# Never worked out before, how do I get started?



## I Lurk Life (Oct 9, 2013)

I've never worked out a day in my life. The only exercises I've ever done have been P.E. classes in middle/high school.

I'm completely clueless about health, fitness, and nutrition and I have no idea what I should do.

I want to be aesthetic like you guys. What should I do?


----------



## JH1983 (Nov 14, 2013)

You're asking a fairly complicated question. You're going to have to eventually do a lot of research on your own.

If gaining muscle is your goal you need to figure out how many calories you need a day to maintain your weight. Look up "basal metabolic rate" for a calculator which will give you an estimate on that. You'll need to fine-tune the numbers yourself with trial and error. You're going to want to start out eating a few hundred calories over this number and adjust as needed to keep gaining weight and muscle. You need to do some research about eating healthy and tracking macros.

Based on how much time you want to put into working out you need to decide on a routine and how many days a week you will exercise.

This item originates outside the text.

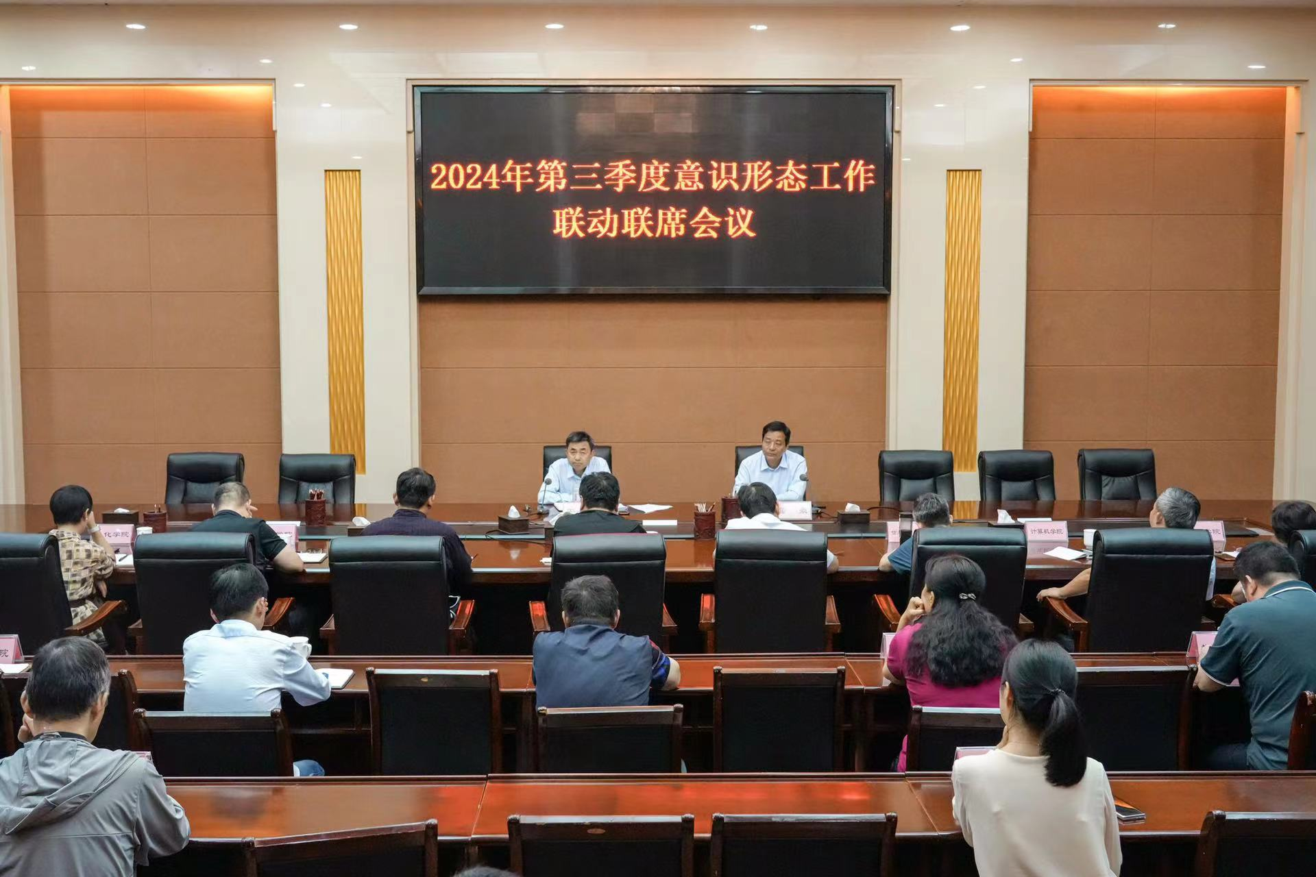 任寰)9月27日下午,我校在会议中心召开2024年第三季度意识形态工作联动联席会议,会商研判学校意识形态领域形势,交流做法、部署工作,校党委书记安士伟主持会议并讲话。

Just make sure it consists mostly of heavy compound movements like deadlift, squat, bench press, pull ups, dips, rows, shoulder press, etc. Keep track of your progress and try to make continual progress. It wouldn't be a bad idea to incorporate some cardio in as well. Make sure you get plenty of rest and drink plenty of water.

Work on the basics for awhile and get comfortable with them, make some progress and if you decide you really want to get serious and get aesthetic, start looking into more advanced methods, more isolation exercises, better nutrition, cutting and bulking, different routines and all that. To start out though, you just need to be sure you are eating enough, doing simple, heavy compound movements and actively trying to make progress every week. There's no need for anything overly complex at first.


----------



## harrison (Apr 14, 2012)

^Wow - it sounds complicated. I didn't even have the enrgy to read that whole post. (no offence, I'm sure it was good though)

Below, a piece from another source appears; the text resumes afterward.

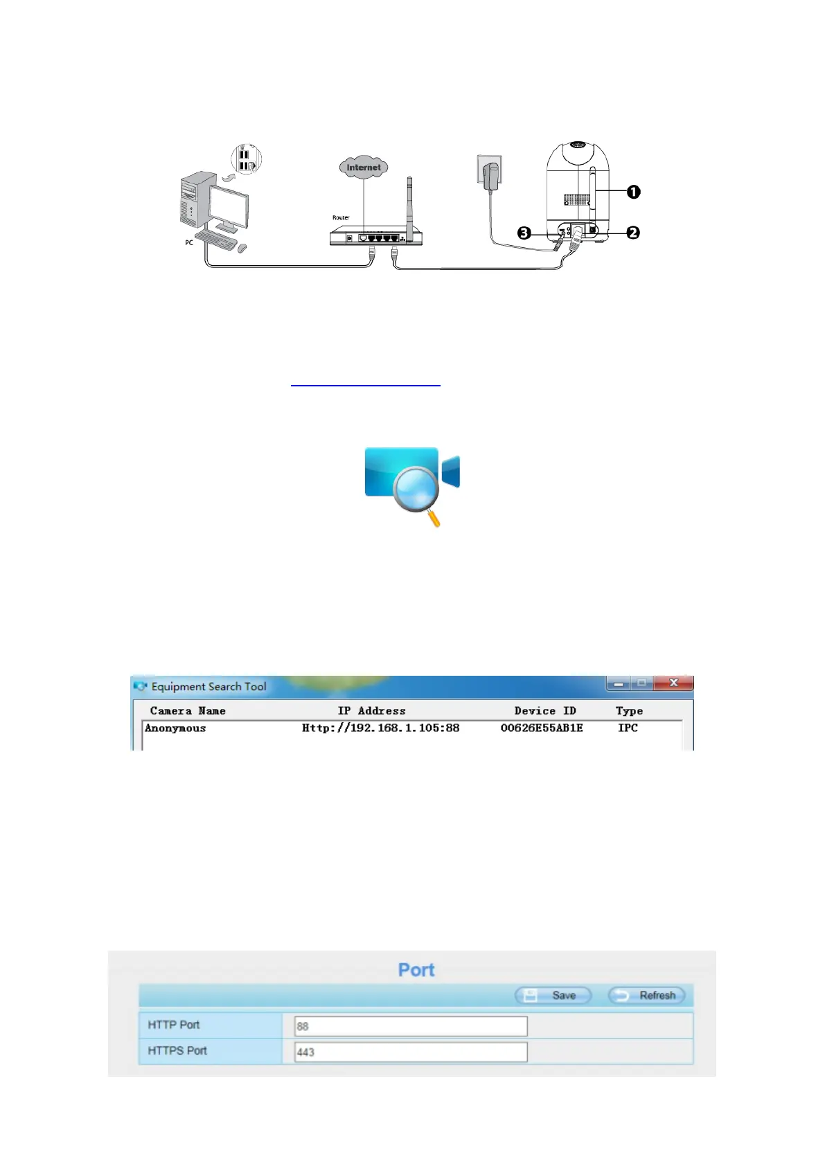 The default HTTP port NO. is 88. Double click the Equipment Search Tool icon to run, and it should find

Op - just start walking. Open the door and go outside. That's what I plan to do. I've been on antidepressants for ages so exercise ( or indeed movement) has almost become something alien to me.

Just start walking and then try to run. ( a bit ) - your fitness will start to improve.


----------



## Bluestar29 (Oct 26, 2013)

Go see your physician before doing anything. 

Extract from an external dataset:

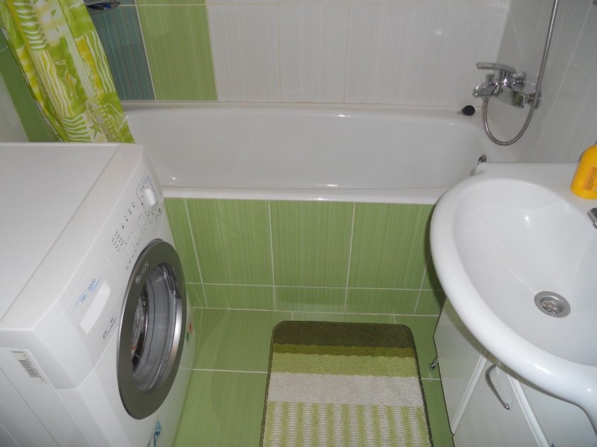 Гоните от себя любые мысли о пано и цветочках, об улучшении или исправлении «слишком простого» интерьера ванной комнаты дополнительной отделкой. Хорошие примеры можно посмотреть в материале про совмещенный санузел 4 кв.м со стиральной машиной, т.к. там загрузка предметами максимальная и любая сложная отделка сделает только хуже.

My suggest would be begin with cardio and body weight work out( aka lunges, pull ups, push ups and etc.)


----------



## LittleTortillaBoy (Dec 20, 2013)

I dont workout at the gym,but do workout at the park near by.Do a calisthenic circuit.pushups,dips,situps,lunges,pullups.


----------



## GotAnxiety (Oct 14, 2011)

Make a basic at home workout plan twice a week one upper body one lower body.

Do it on Wesneday and the other on Sunday. 

Something like single leg dumbbell isolation lunges and goodmorning with dumbbell backrows. Then chest and arms bicep shoulders triceps. 

Consistency is the key.

Goodluck.


----------



## TerminalBlue (Feb 7, 2013)

You could try searching for cardio workouts on YouTube. Don't over work yourself but at same time focus on progress.


----------



## michael2 (Jul 15, 2011)

Get a gym membership. Skip the arm machines mostly and just start off with light dumbbells. bodybuilding.com for all the info you need. You've got this!


----------



## WhatBITW (Jan 26, 2013)

Get prepared to commit. No skipping workouts unless its absolutely necessary, giving all your lifts full intensity etc. There are no simple shortcuts to aesthetics.


----------



## Kalliber (Aug 18, 2012)

What i did was look for free videos on YouTube, no gym lol..idk why you would pay for something really simple and free


----------



## changeme77 (Feb 22, 2013)

I Lurk Life said:


> What should I do?


Define your goals.

Based on this, you can work out a diet plan + training routine.


----------



## ItsEasierToRun (Feb 2, 2013)

I Lurk Life said:


> I want to be aesthetic like you guys. What should I do?


"Aesthetic" :lol






Al Kavadlo is a legend


----------



## Tomyx (Jun 27, 2013)

Body weight exercises are always good to start with. Just pick something you're completely weak with, do a proper exercise with that area in mind, and keep doing it until you can do more and more reps. You don't have to start this way, but by the time you can do push ups, pull ups, and single leg squats to a decent degree, you'll be more than prepared to do weighted strength building workouts. Cardio is great, but I'd focus on sprints if anything. Sustained cardio does a whole bunch of nothing really. You should either focus on increasing your cardiac output, your lung capacity, or muscle strength. Muddling around in mediocrity with 10 hours of mild cardio or more a week is just pointless...


----------



## M0rbid (Jan 11, 2011)

Youtube search ----> Hodgetwins.


----------



## JH1983 (Nov 14, 2013)

I forgot to mention this the other day, but make sure you get your form perfect from the beginning. You don't want to have to drop your weight in half later and have to relearn it.


----------



## Ashley90 (Apr 11, 2011)

Your post is a little vague. Can you give us more details about your goals? I know you said you want to be aesthetic, but how would you describe your body type right now? Are you skinny or overweight? Do you want to shed body fat or do you want to put on a lot of muscle? Do you have access to a gym? Or will you be working out at home?


----------



## I Lurk Life (Oct 9, 2013)

Ashley90 said:


> Your post is a little vague. Can you give us more details about your goals? I know you said you want to be aesthetic, but how would you describe your body type right now? Are you skinny or overweight? Do you want to shed body fat or do you want to put on a lot of muscle? Do you have access to a gym? Or will you be working out at home?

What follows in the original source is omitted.